I have been to the one in Spire Ridge, its pretty new, which is near Newbury, if it is that one, its small, but really good, the guy there knows his stuff, they have a rattlesnake too :mf_dribble:


----------



## geckomagic (Feb 27, 2007)

yeah that must be the one, what are their prices like?? have any interesting snakes?
Thanks
Kris


----------



## xvickyx (Jul 21, 2009)

geckomagic said:


> yeah that must be the one, what are their prices like?? have any interesting snakes?
> Thanks
> Kris


Prices seem OK, I haven't got much to compare too.

Last time I went (last weekend) breadies, leos, couple of large boas a lovely albino one, also a few corn babies which were adorable :flrt: a nice grey & black kingsnake, a few frogs and some slings :2thumb:


----------



## Jim2109 (Mar 30, 2009)

i use Grange Reptiles for anything serious. SouthCoast exotics are very good too but Grange have more stuff. if you need anything urgently, or just want livefood then DH Watergardens are more local (their shop is at the Sherfield Wyevale garden centre on the A33). also theres a pet shop in the town centre that does livefood, its near to the Halifax bank. and another petshop in Chineham does livefood but they dont have a particularly good selection.
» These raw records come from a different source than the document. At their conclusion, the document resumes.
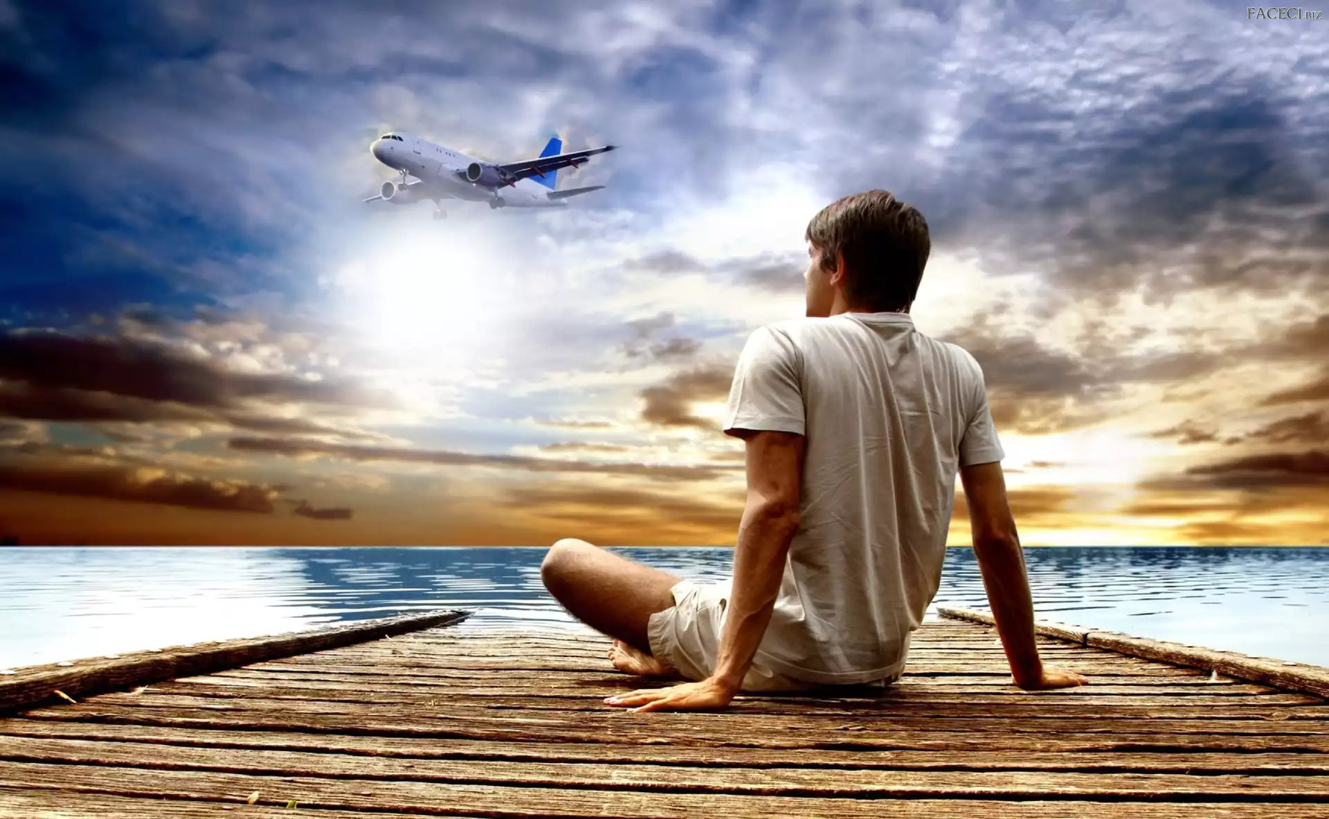 Molo, Na, Morze, Samolot, Mężczyzna - faceci.biz
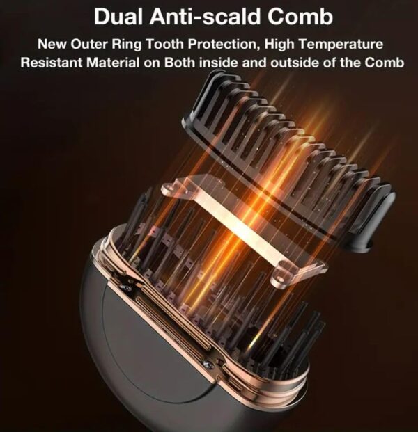 • Design includes inbuilt comb for perfect straightening, maintains a constant temperature, anti scalding tooth comb,
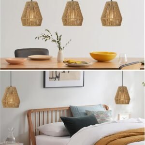 ELYONA Luces colgantes tejidas, lámpara colgante de ratán rú
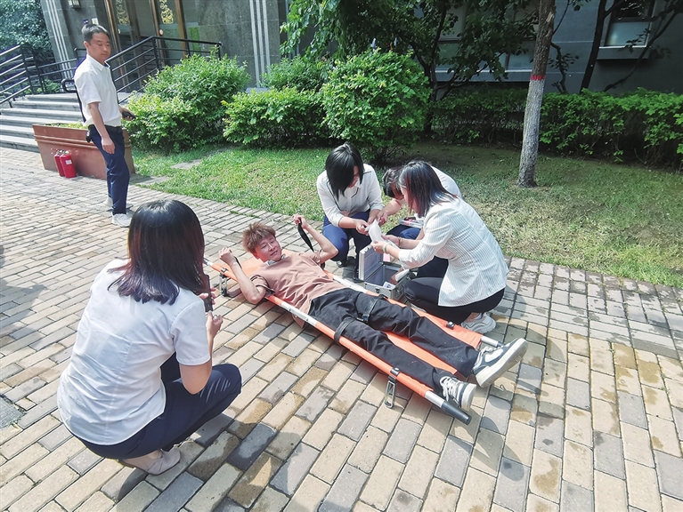 现场,随着消防警报拉响,所有人员按照分组分工各就各位。疏散组指引“居民”用湿毛巾捂住口鼻,低下身子,迅速有序撤离到安全避险场所;警戒组拉起警戒线,维持秩序;灭火组连接水带水枪,开水灭火;抢救组用担架抬出伤员,进行基础医疗处理后转移……演习现场模拟火情,进行了信息通讯、火灾报警、应急疏散、火场扑救、应急救护、后勤保障等环节。演习结束后,工作人员给居民讲解了用火安全注意事项,及各类消防器材操作使用,并让大家进行了灭火器的实操。
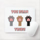 Do you love cats? Show your toe bean tribe with this mouse pad! This mouse pad features three cute kitty paws with the words toe bean tribe in pink letters with a gray outline.
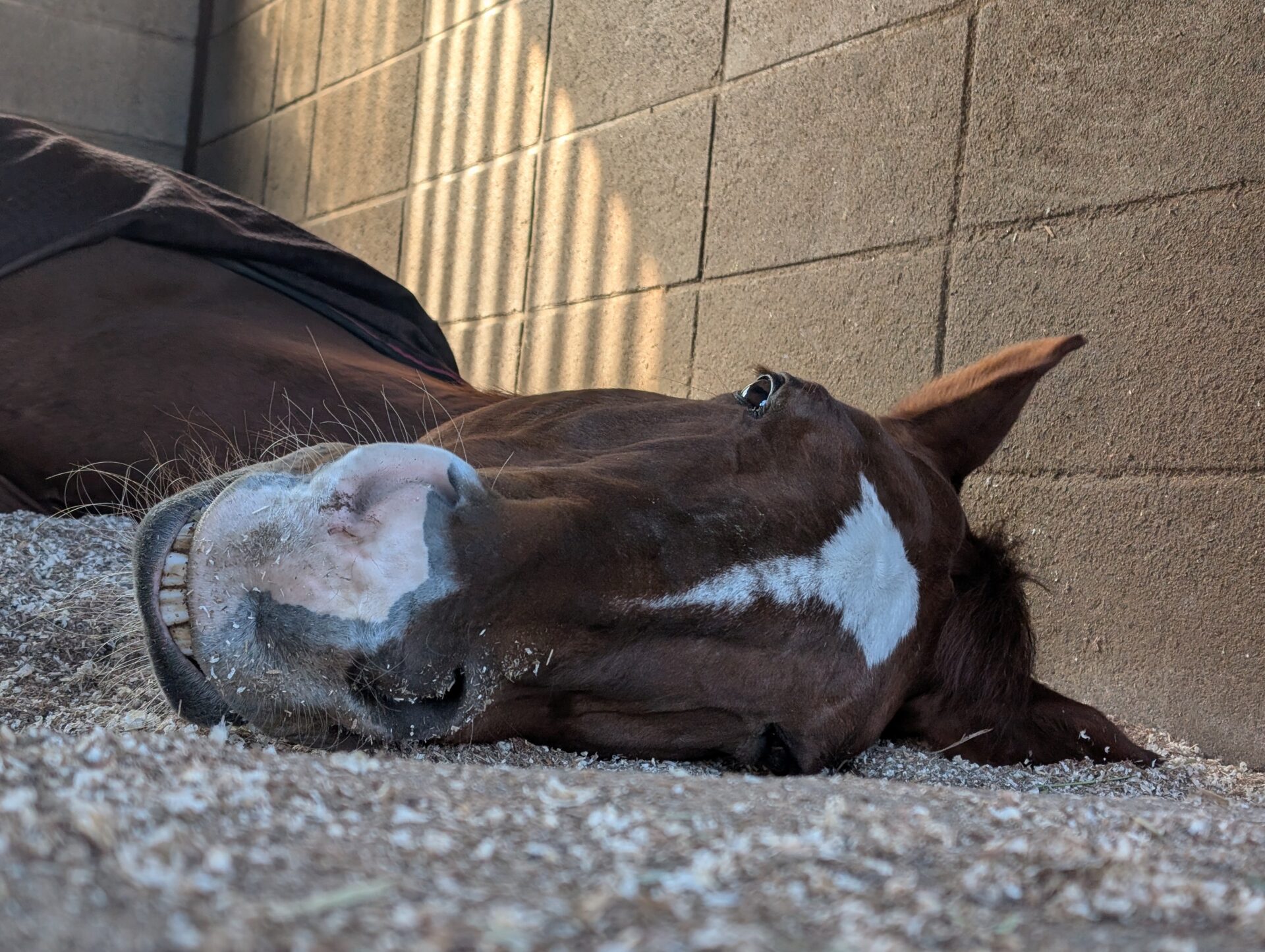 自分が綺麗にした馬房で、たまらなく可愛い顔をして横になっている馬たちを見ると、何とも言えない幸福と達成感を感じます。
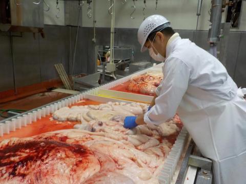 頭部の肉や舌、肺、心臓、肝臓などの臓器とリンパ節の検査をします。
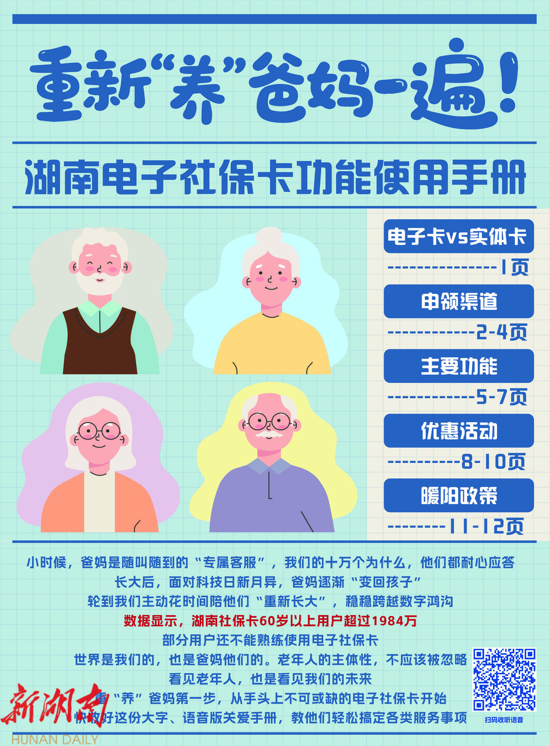 数据显示,湖南社保卡60岁以上老年用户超过1984万;签发电子社保卡4024.52万张,较“十四五”初期增长168.8%。这份看得见、听得懂、学得会的手册,是省人社厅面向他们创新推出的适老化举措,也是民生工作的温度体现,让发展成果惠及每一代人的生动实践。
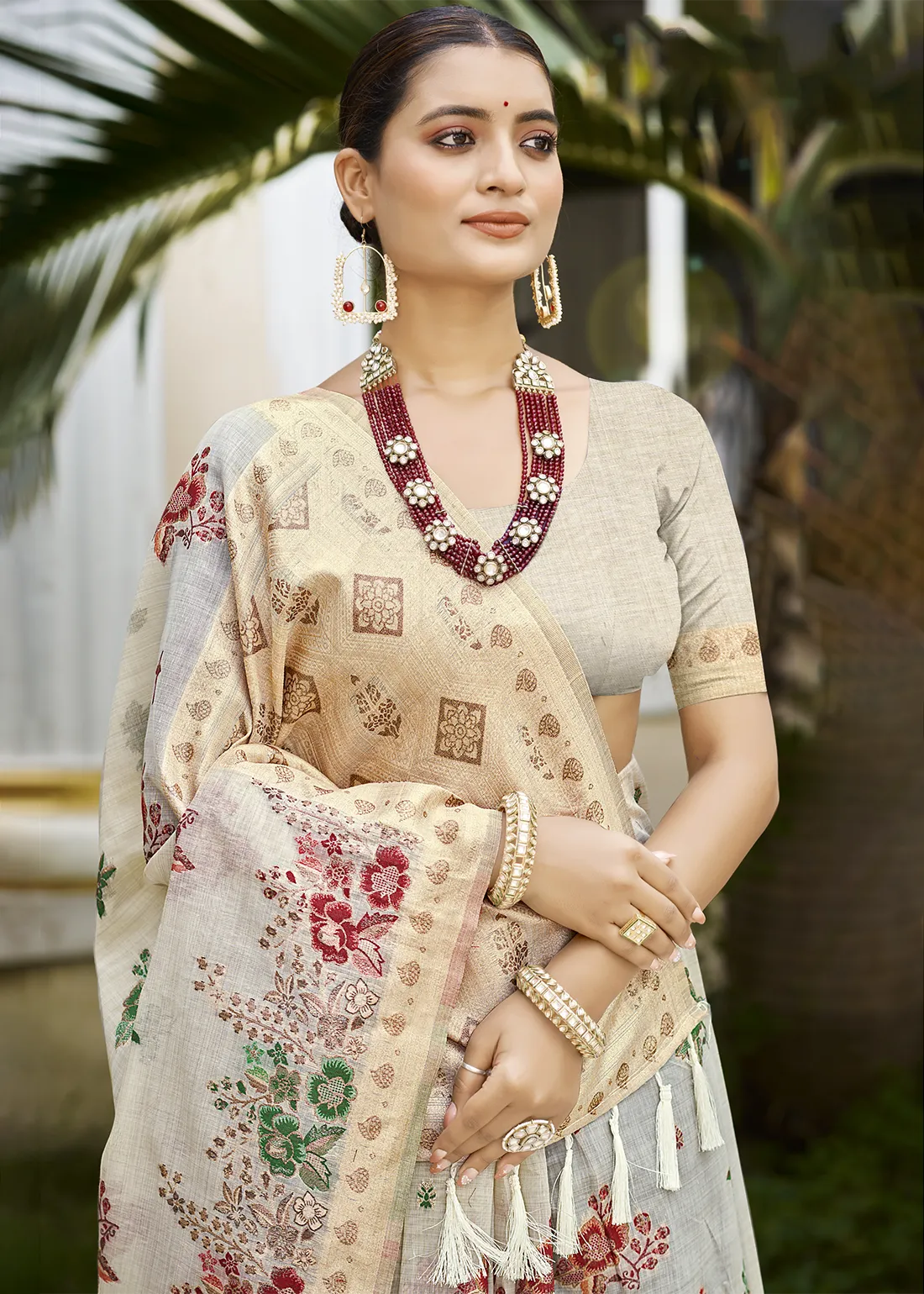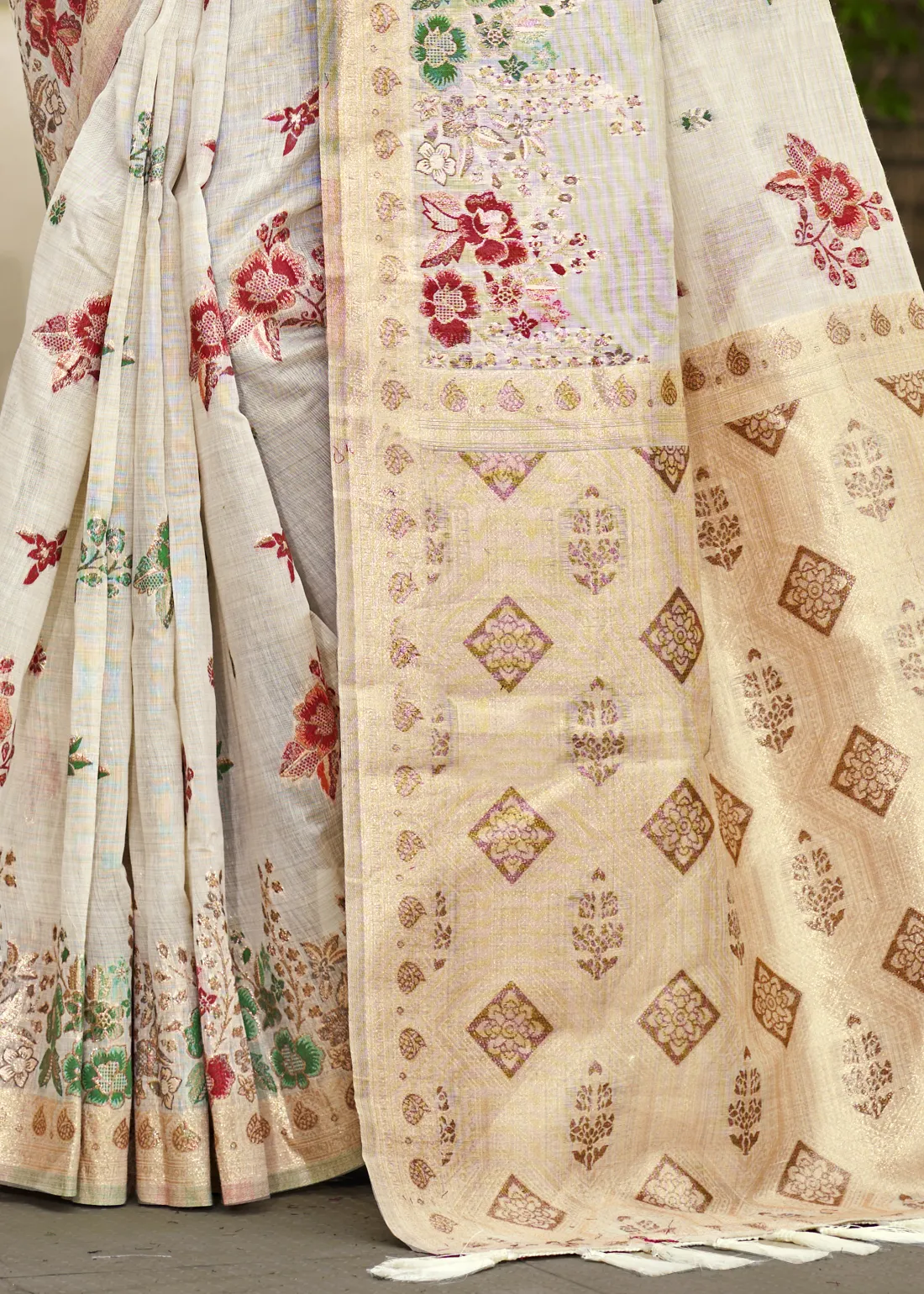 Ivory Linen Silk Banarasi Saree with Meenakari Floral Buttis

if you want to venture further afield then Portons Pets and Aquatics near Salisbury is quite good too. not specifically reptiles like Grange and Southcoast, but theyve got tons of stock.

there is a void around Basingstoke where there are no decent reptile shops for about 30 miles. which is why i ended up just starting a roach colony. it is completely self-sustaining and i havent had to buy livefood in forever. which is lucky, because nowhere local ever has enough in the right sizes, and the recent cold weather and christmas would probably have caused havoc with mail order food.


----------



## xvickyx (Jul 21, 2009)

Awesome thanks, I hate going to DH Water Gardens, the way they keep their fish disgusts me, I actually saw a dead Koi floating there, one of the huge ones, I was nearly in tears!!! 

I am liking the sound of Grange Reptiles, off to google 

Thanks, Vicky


----------



## Hannah81 (Nov 19, 2008)

Moving up to Basingstoke soon, are these shops still around the area? Do the pet shops do frozen food as well or is it just bugs/worms?
I usually use SouthCoast cos they're just up the road from me but I don't drive so getting there would become a problem once I've moved.
Although I have taken to ordering food online recently as well.


----------